In principle there are a total of 6 permutations:
1. ParEqComp: [ particle ] [ equation ] [ component ] 2. ParCompEq: [ particle ] [ component ] [ equation ] 3. EqCompPar: [ equation ] [ component ] [ particle ] 4. EqParComp: [ equation ] [ particle ] [ component ] 5. CompEqPar: [ component ] [ equation ] [ particle ] 6. CompParEq: [ component ] [ particle ] [ equation ]
Of these 6 we only consider those where component follows equation. (For those layouts where equation follows component the access would be unnecessarily complicated by the potentially unequal number of components for different equations which is not known at compile-time and thus does not allow some optimizations.) This decision leaves us with the following choices:
1. ParEqComp: [ particle ] [ equation ] [ component ] 3. EqCompPar: [ equation ] [ component ] [ particle ] 4. EqParComp: [ equation ] [ particle ] [ component ]
Access is based on the 3 coordinates: particle (or unknown), component, and offset. Particle is the particle index, component denotes the given component of a vector equation, e.g., velocity has 3 components, a multi-material turbulent mix model governed by the Dirichlet SDE has scalars (components), and offset is determined by the relative position of the given equation compared to the other equations. Using these 3 coordinates the index calculations for the above 3 cases are:
1. ParEqComp: [ particle ] [ equation ] [ component ] baseptr + particle*nprop + offset + component
where nprop is the total number of particle properties, e.g., 3 positions, 3 velocities, 5 scalars nprop = 11.
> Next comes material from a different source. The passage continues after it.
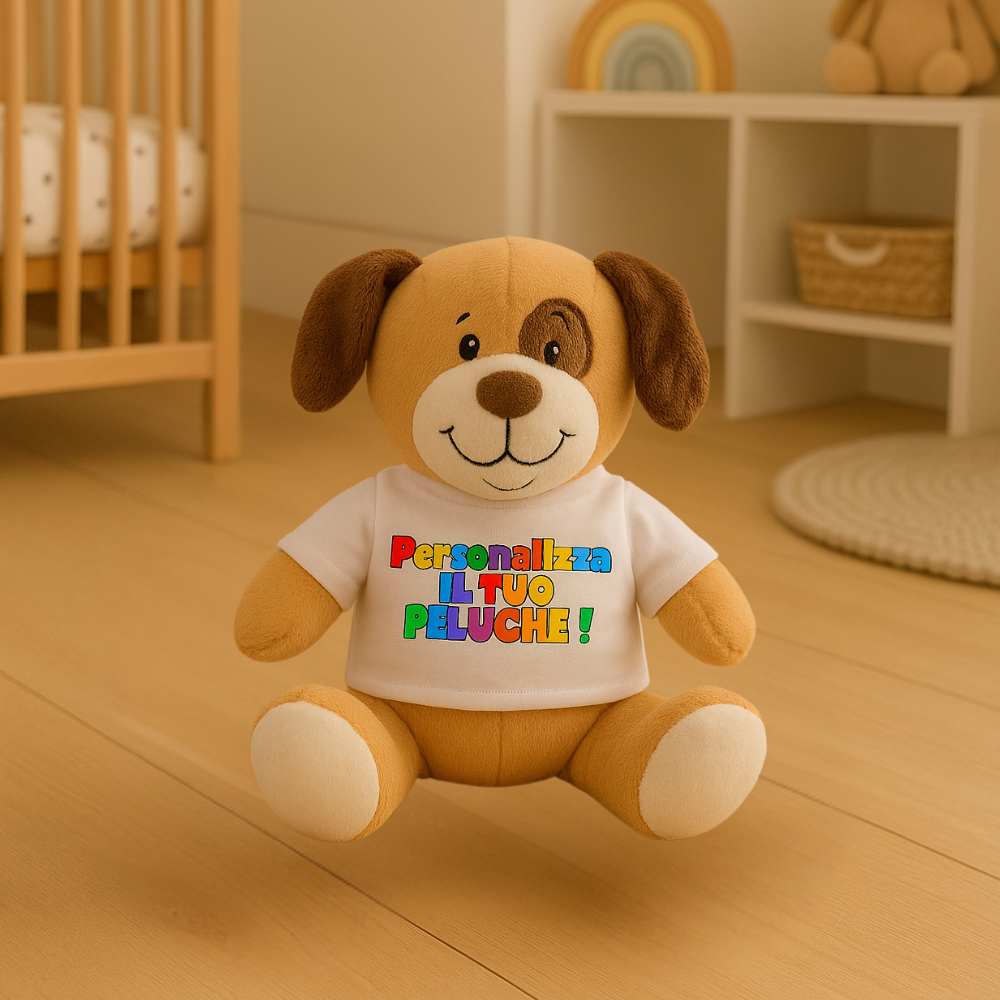 Morbido Peluche Cagnolino Personalizzato con Foto e testo – Pupazzo Cane con t-shirt bianca personalizzabile – Idea Regalo per San Valentino Natale Festa della Mamma o Papà Compleanno
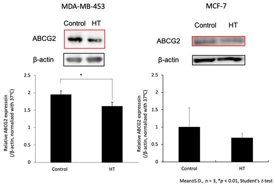 ABCG2 protein expression transitions after HT or non-HT treatment were analyzed using Western blotting. Statistical significance was tested via Student′s t-test. n = 3, error bar; S.D. * p < 0.01.

3. EqCompPar: [ equation ] [ component ] [ particle ] baseptr + (offset+component)*npar + particle
where npar is the total number of particles.
4. EqParComp: [ equation ] [ particle ] [ component ] baseptr + offset*npar + nce*particle + component
where nce is the number of components for the given equation. Since this would require another function argument (besides particle, component, and offset), and it costs an integer-multiply more than the other two layouts, we dismiss this layout, and only implement the following two:
1. ParEqComp - Particle-major 3. EqCompPar - Equation-major
These options are exposed via a cmake variable and can be switched before a build.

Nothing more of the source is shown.